Kapidan Gjon Mark Markagjoni (Gjomarkaj) was born in 1938, in Orosh, Mirdita, the son of Kapidan Mark Gjon Markagjoni and Marta Markagjoni. In 1945 at the tender age of 7, together with his mother and two sisters, Kristina and Celestina, he was sent to the Lushnja camp and subsequent camps where he lived until the fall of the regime in 1991. After the fall of the regime he returned to Shkoder, to his grandfather’s house, together with his uncle Dede and two of his aunts Marta and Bardha, later marrying in 1993.

While in internment he was forced to work many jobs over time, deprived of any basic human rights. While interned Gjon grew into a man worthy of honor and proud to be a member of a noble family. He had the good fortune to build his life, and through work a strong resistance to the Albanians who were allies of Enver Hoxha. Gjon fondly remembered the hours of quiet laughter and more serious discussions on various issues that were spent with Don James Gardini, a prominent Italian priest who lived in Albanian prisons for ten years, and who later was part of the subject in a book he wrote relating to the topics discussed. With more respect and profound emotion he recalled his meetings with Cardinal Mikel Koliqi (1902-1997) during internment and after the regain of freedom 1991, where they together recalled conversations they shared previous years in regards to human rights and religion.

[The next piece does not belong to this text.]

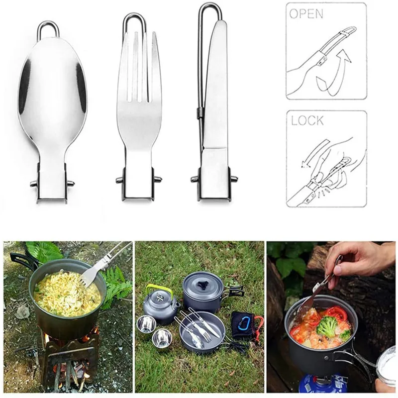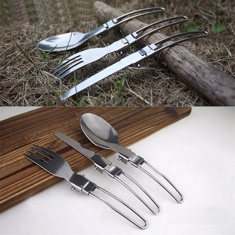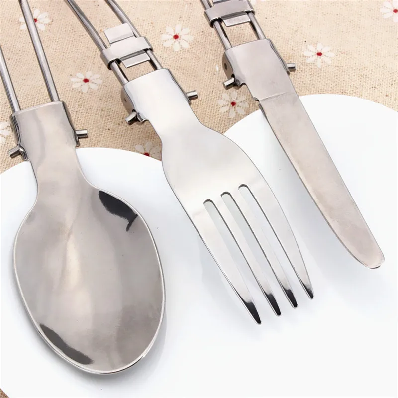 3 шт.компл. уличная посуда для пикника из нержавеющей стали складная вилка, ложка, нож

While in Lushnja he attended elementary and secondary school full-time, learning Italian and French, but was always concerned for the family’s economic problems.  Because of their stature the regime treated them worse than other prisoners thereby limiting their income.

With the victory of democratic forces in the first democratic elections of 1991, he ranked alongside opposition forces, exposing the atheist communist regime and becoming a member of the Republican Party. He was Deputy of Mirdite from 1996-1997. He later withdrew from political life to devote himself to his homeland. He dealt with many economic and cultural issues in the region of Mirdite, which was intentionally abandoned by the communist regime and was neglected. Gjon, working as a leader and steward of the humanitarian aid society Caritas, sent much aid and investment to Meath, for the construction of churches (previously destroyed), new schools and other projects, with the generosity of the Austrian Catholic Church. He sent a letter to his uncle, Kapidan Ndue Markagjoni (Gjomarkaj) in New York, in October 2000, addressing those issues: “I have continued work in our province for the municipality of various villages. We’ve built nine schools in Meath and several new churches, along with health centers in the villages to provide aid to the poor, which has been reflected in programs aired four times on Austrian television. Albanian Television was silent as always! However, I will not stop my work and it will all come to light with Austria’s help in rebuilding the churches, in particular Nig Mirdita. I wish for my country to have religious access in all the provinces.

Gjon died peacefully in 2003 in his home in Shkoder after a long illness, surrounded by family and friends.